Young Man is Black and His Grandma is White, Police in Wisconsin Put him in Handcuffs, Assumed It Was A Robbery
Police stopped, drew guns and handcuffed a black teenager on suspicion that he was robbing two white women he was in a car with, before it emerged that one of them was his grandmother and the other was giving them both a ride home from church.
The incident took place in Wauwatosa, in Milwaukee County, Wisconsin, on Sunday, after a bystander told police that he had witnessed what looked like a robbery of two white women in a blue Lexus vehicle. Police officers stopped the car and told the 18-year-old man, whose name was not given, to step out with his hands up, go on his knees and enter the police vehicle, before one of the officers approached the Lexus and soon realized the mistake.

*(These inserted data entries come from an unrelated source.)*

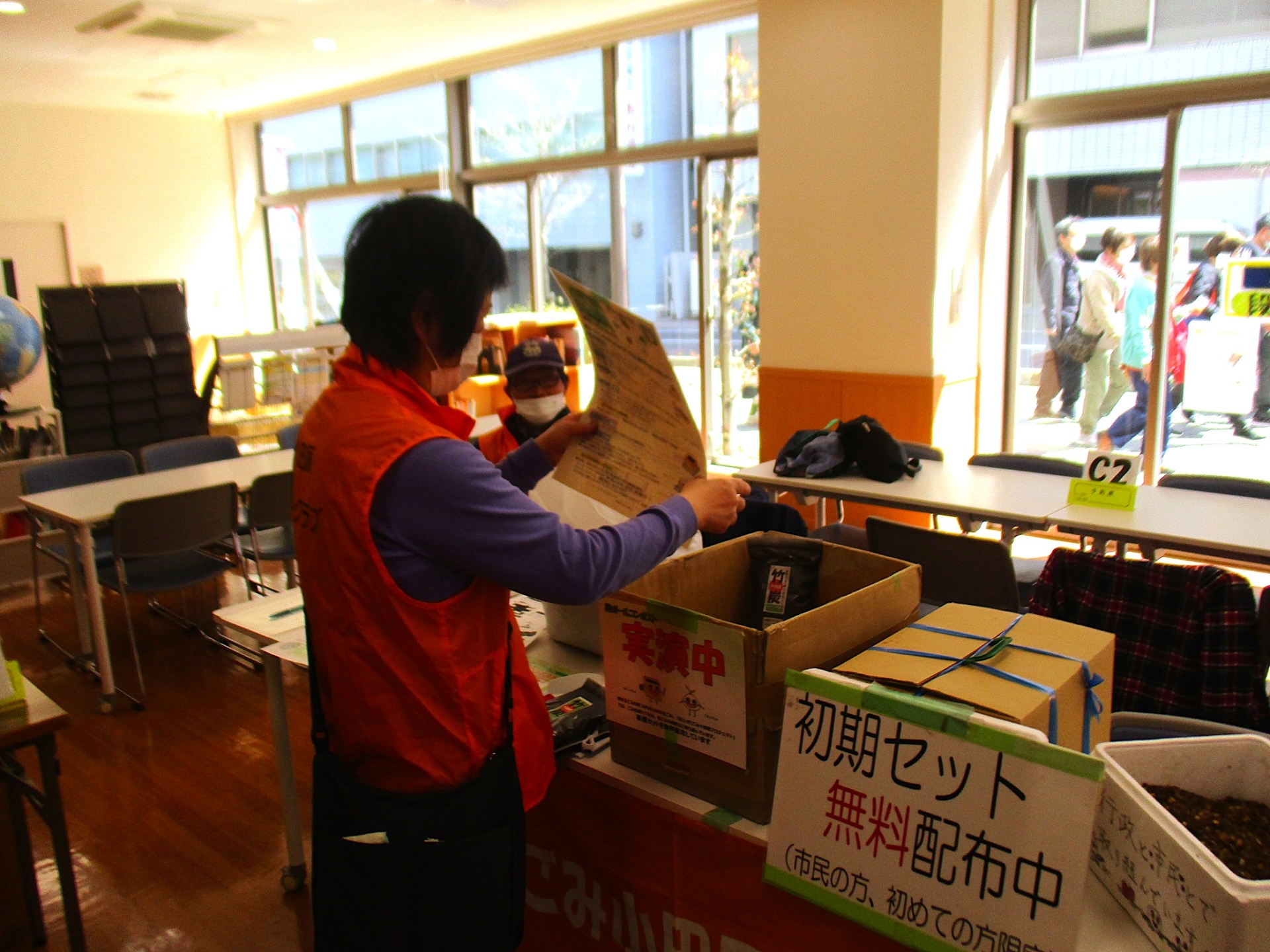 段ボールコンポストの実演と新規セットの無料配布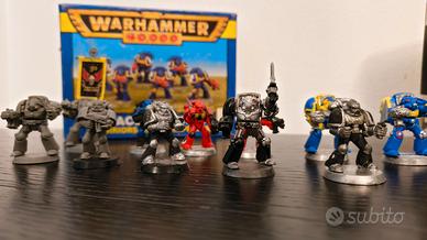 Collezione di 32 miniature di Warhammer 40.000: 5 Chaos Space Marine 5 Space Marine 10 Terminators 12 Xenos Alcuni già dipinti, altri ancora da dipingere, con due confezioni originali.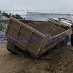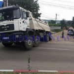 Camionul a rămas împotmolit în noroi la intersecția străzii 1 Decembrie cu strada Mihail Kogălniceanu, după ce pământul s-a surpat într-o zonă unde a fost construit un cămin de apă.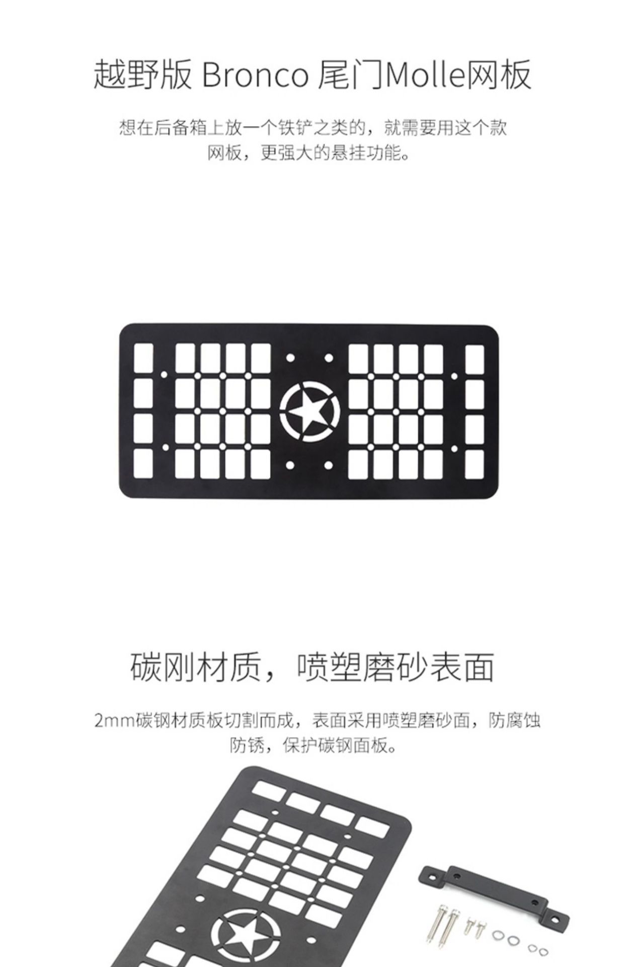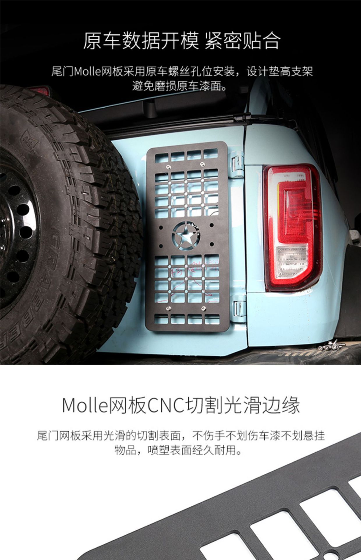 - Expansion Storage: Provides an integrated modular surface to attach tactical gear, tools, and off-road accessories to the tailgate.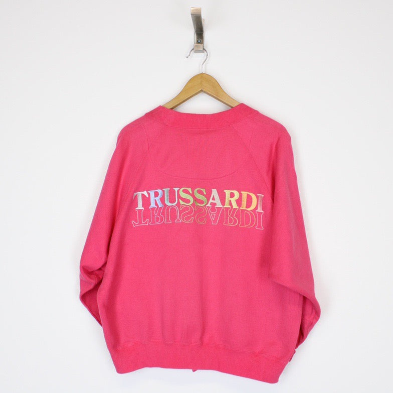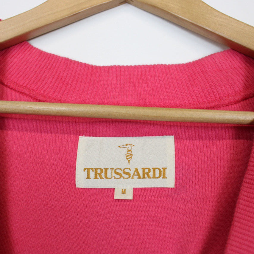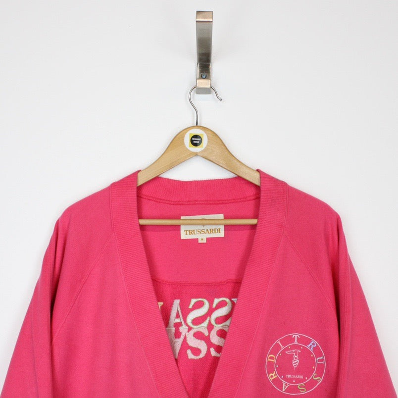 Vintage 90's Trussardi Pink Spellout Cardigan Jacket Size on label: Women's Medium Our recommended size: Women's Medium Pit to pit (inches): 23 Length (inches): 24 All products listed are vintage unless stated otherwise in the description. These items are pre-loved and pre-worn, resulting in small signs of wear and minor fading. We think this adds to their unique authenticity, but if an item has any major flaws these will be stated below. - The item does have a mark to the right sleeve and also a couple marks to the left sleeve, this is reflected in the price Please contact us if you have any further questions!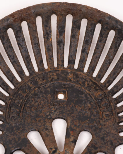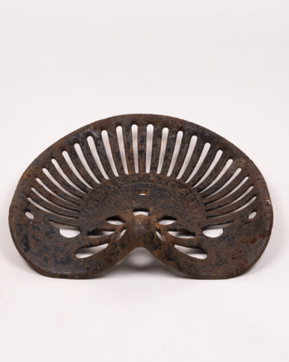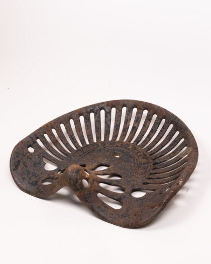 An old, distressed tractor seat crafted from cast iron. The seat displays considerable wear and rusting due to age and exposure to the elements, adding to its industrial aesthetic. A variety of holes and slot perforations provide ventilation. The seat could be restored and used as intended, or it could be repurposed into a piece of industrial furniture.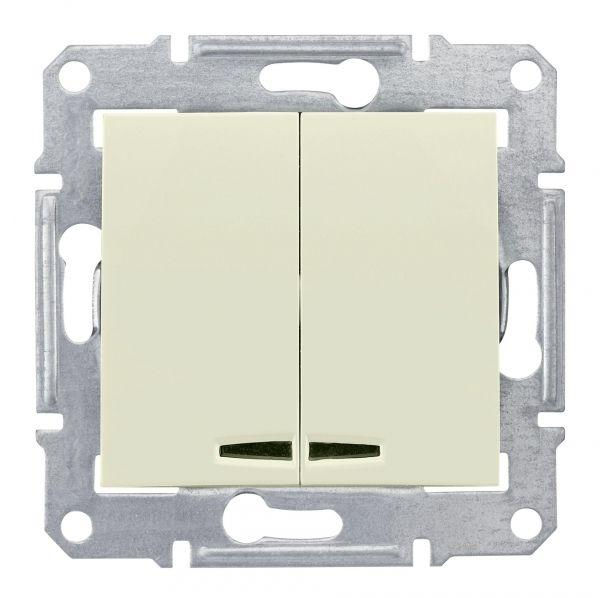 Выключатель 2-кл. СП Sedna 10А IP20 (сх. 5а) 250В с син. подсветкой механизм беж. SchE SDN0300347
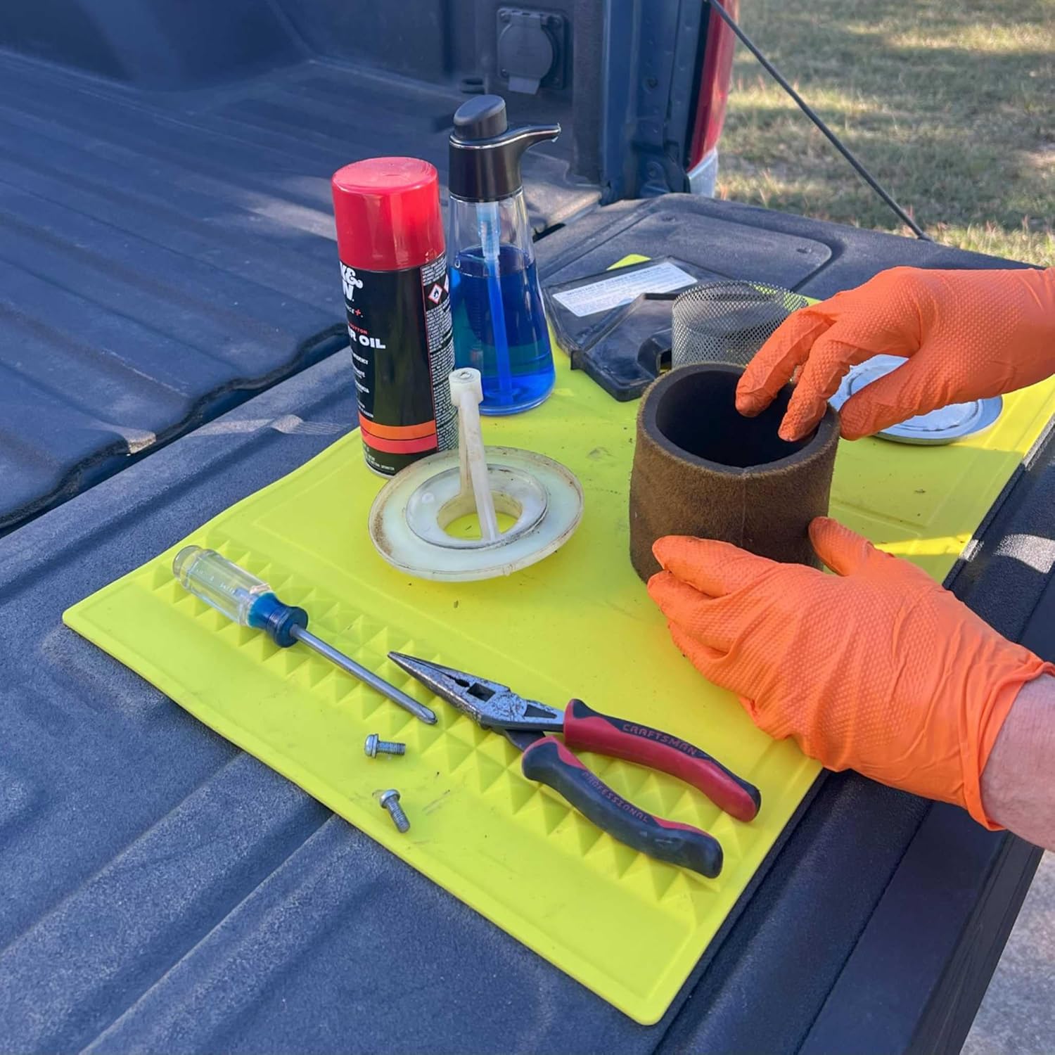 Tearing down a carburetor? Gluing up a drawer? Feeding a toddler? All messy jobs. Keep your space organized and stop losing parts and pieces with the Mullet Workbench Duty Mat. Carve out a work space for your project regardless of how messy things are around you.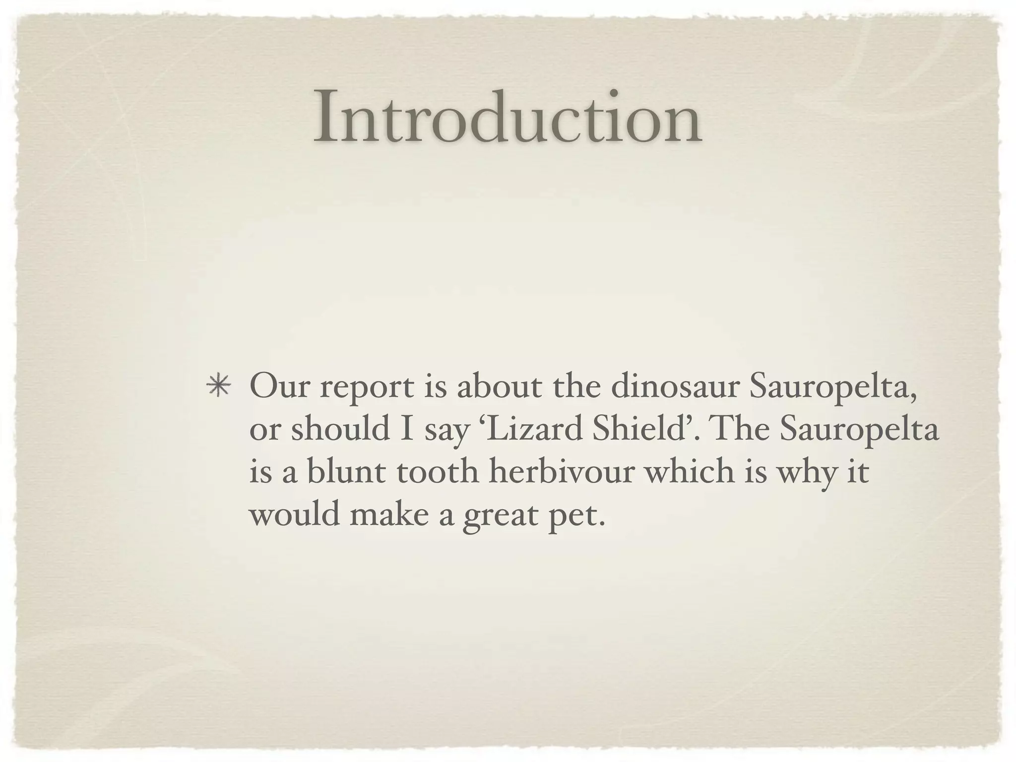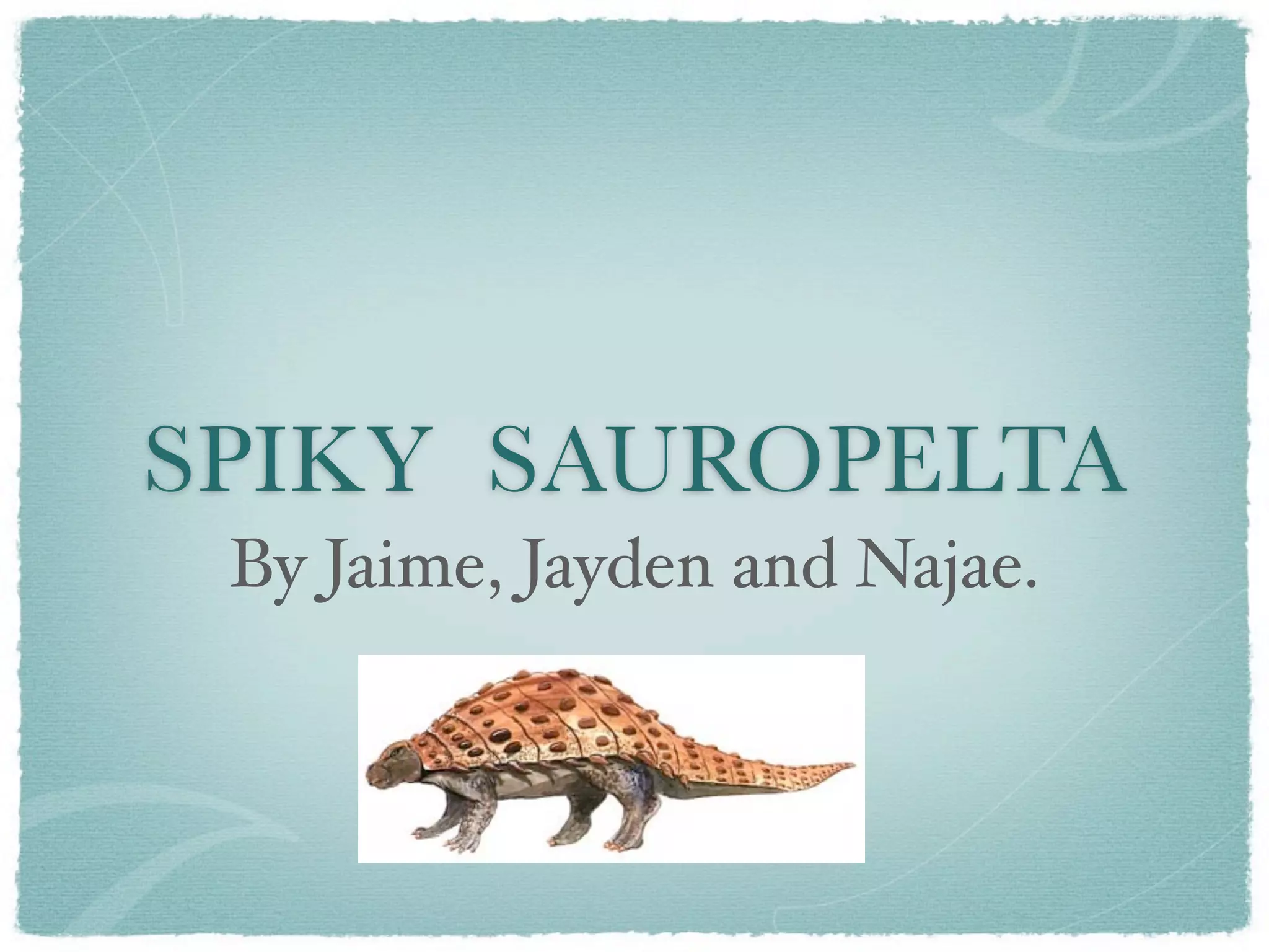 The document summarizes key details about the dinosaur Sauropelta. It was an 8-meter long, 3.5 ton herbivore covered head to tail in armor and spikes for protection. Though spiky in appearance, Sauropelta was actually friendly and meant no harm. It lived in shady forests in North America, ate giant prehistoric plants like one tree per day, and had medium intelligence, making it a suitable guard dinosaur.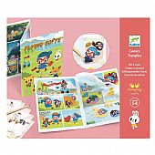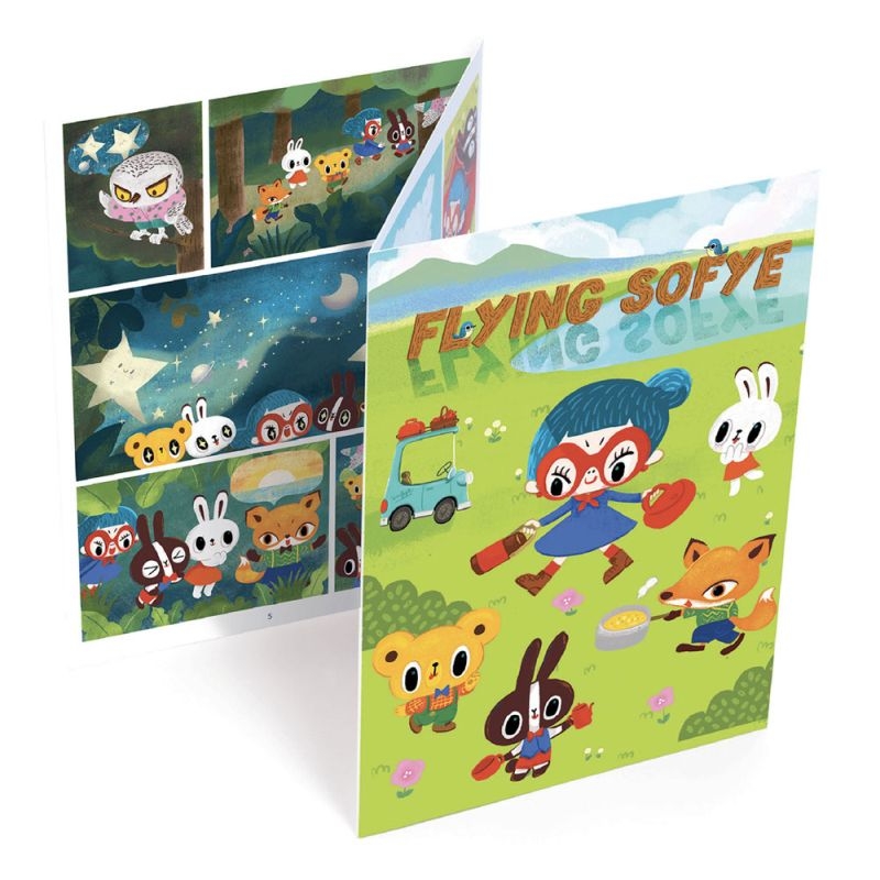 Χρησιμοποιήστε την φαντασία σας και δημιουργήστε εικόνες με τις χαλκομανίες της εταιρίας Djeco! Φτιάξτε την ιστορία της ιπτάμενης Σοφί, μεταφέροντας τις φιγούρες που θα βρείτε στη συσκευασία. Επιλέξτε την εικόνα που θέλετε, τοποθετήστε την πάνω στο χαρτί και ξύστε την με ένα μολύβι. Η εικόνα θα αποτυπωθεί στο φόντο που έχετε επιλέξει! Ένας εξαιρετικός τρόπος πρώιμης εισαγωγής στον κόσμο των κόμικς!
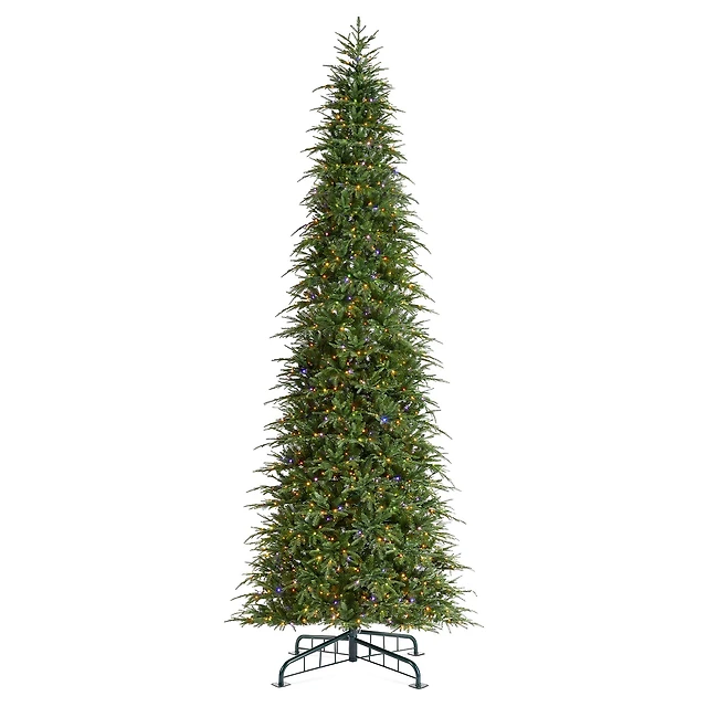 Glitzhome® 15ft Pre-Lit Green Slim Fir Artificial Christmas Tree, Multicolor LED Lights

“This is my grandson,” one of the women is heard telling the officer who asked her if she was OK, according to dashcam footage of the incident, broadcast by local NBC-affiliate TMJ4. “We’re on our way home from church to my house.”
The officer can be heard apologizing for “that guy not knowing what he was talking about,” referring to the man who had driven by the police vehicle to alert officers that the young man in the women’s car was “robbing them right now.”
I’m sure he saw two old white ladies in a car with a black kid and he made some assumptions,” the woman can be heard saying, before the officer informed her that the man in question was black himself. “Oh my God. Then it’s even worse,” the woman exclaimed. The woman assured the officer that the teenager was no threat to either of them, telling the officer that her friend had known him since he was very young.
“It’s all good, he’s her grandson,” one officer is heard shouting to the squad car, before the young man was released.
The police officers said they could not locate the bystander who had alerted them to question him formally on what led him to suspect the young man was robbing the two women. Attorney Joy Bertrand told USA Today that she had requested Wauwatosa Police Department’s files on the case to investigate whether there was any legitimate basis for police intervention.
"After we take a look at whatever basis they have for stopping and harassing this family, we will be able to comment further," Bertrand said.
"After we take a look at whatever basis they have for stopping and harassing this family, we will be able to comment further," Bertrand said.
Police said that although they drew their handguns, they pointed them in a safe direction during the stop.